Colin Mortlock was founder and first chairman of the National Association of Outdoor Adventure Education. He is currently chairman of the Adventure & Environmental Awareness Group. He has written extensively on outdoor education and has an international reputation as a keynote lecturer on adventure and values.

www.cicerone.co.uk
 
PRESENTATION
Colin,now in his 70’s, will look at the meaning and implications of adventure both in its broad sense as an approach to life ; and in its more conventional sense in terms of experiences in wild nature. His third book, The Spirit of Adventure”, is to be published this year and is particularly concerned with the potentially huge importance of outdoor experiences, especially expeditions, solos and frontier adventure in an increasingly disturbed modern world. The presentation, like the book, is in the great tradition of Kurt Hahn : “Education (or learning) is, or should be, concerned with the development of the individual in the pursuit of truth”.
 
WORKSHOP
An exploration of the implementation of the ideas and values as expressed in the new book and how they relate with current practice in Outward Bound schools.
 
 
SEPPO KARPPINEN
 
Principal in special education in Oulu Finland
MA Education
PhD Education (University of Oulu)
 
Outdoor  activities
Experiential Learning (theory and practice)
Special education
Problem behaviours, mental and special needs
 
Since 1980 I have worked as an special education teacher in the public sector. For the past few years I have been working as principal in Oulu Hospital School, there are pupils with mental difficulties. I am interested to use alternative, mostly experiential and outdoor methods and approaches in teaching and learning-cultures. My own PhD is titled “Outdoor adventure and experiential learning as a method for challenging pupils” (2005). link: http://herkules.oulu.fi/isbn9514277554/. This investigation looked at the alternatives that public school could offer for pupils with social-emotional problems. I am a member in the Finnish  outdoor and adventure network organization and have published articles and books (in finnish) related to outdoor learning. My hobbies are cross-country skiing, clarinet playing and sustainability. I live in the country with my the wife and 4 children.
 
In the presentation I concentrate to open out-of-door education paradigms, which often lack a clearly defined educational or philosophical framework where practical activities are theoretically grounded.  This presentation explores some philosophical and practical ideas or programmes where the primary aim involves the concept of outdoor learning activities. The purpose is to look at ways in which experiences out-of-doors can act as a powerful and an alternative stimulant to encourage learners to consider their own perspectives and ability to act towards mentally balanced lifestyles.
 
 
 
Kristof Geysemans
 
° 12 april 1977 
I've studied Socio-cultural work in Brussels.
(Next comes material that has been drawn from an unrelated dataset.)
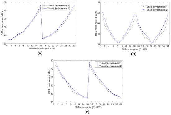 Received signal strength (RSS) mean value comparison of each reference point when tunnel environments changed: (a) mean value of ; (b) mean value of ; (c) mean value of .

Graduated in 1999. Worked 6 months as a volunteer with street-children in Chennai, India.  Worked 2,5 years in a centre for drug-users. Worked as snowboard instructor in Austria during 2 winters, in summer I worked as an outdoor sports instructor. 5 years ago I started to work at Outward Bound Belgium. Right now I work as trainer and I am responsible for the custom designed train the trainer programs. For the moment I am participant in a 3 year long counselors-training at FMS (2nd year). I am passionate about my 5 months old daughter Jakobe, and the cargo-tricycle I've build by myself.
I like balance sports like snowboarding, surfing and slacklining.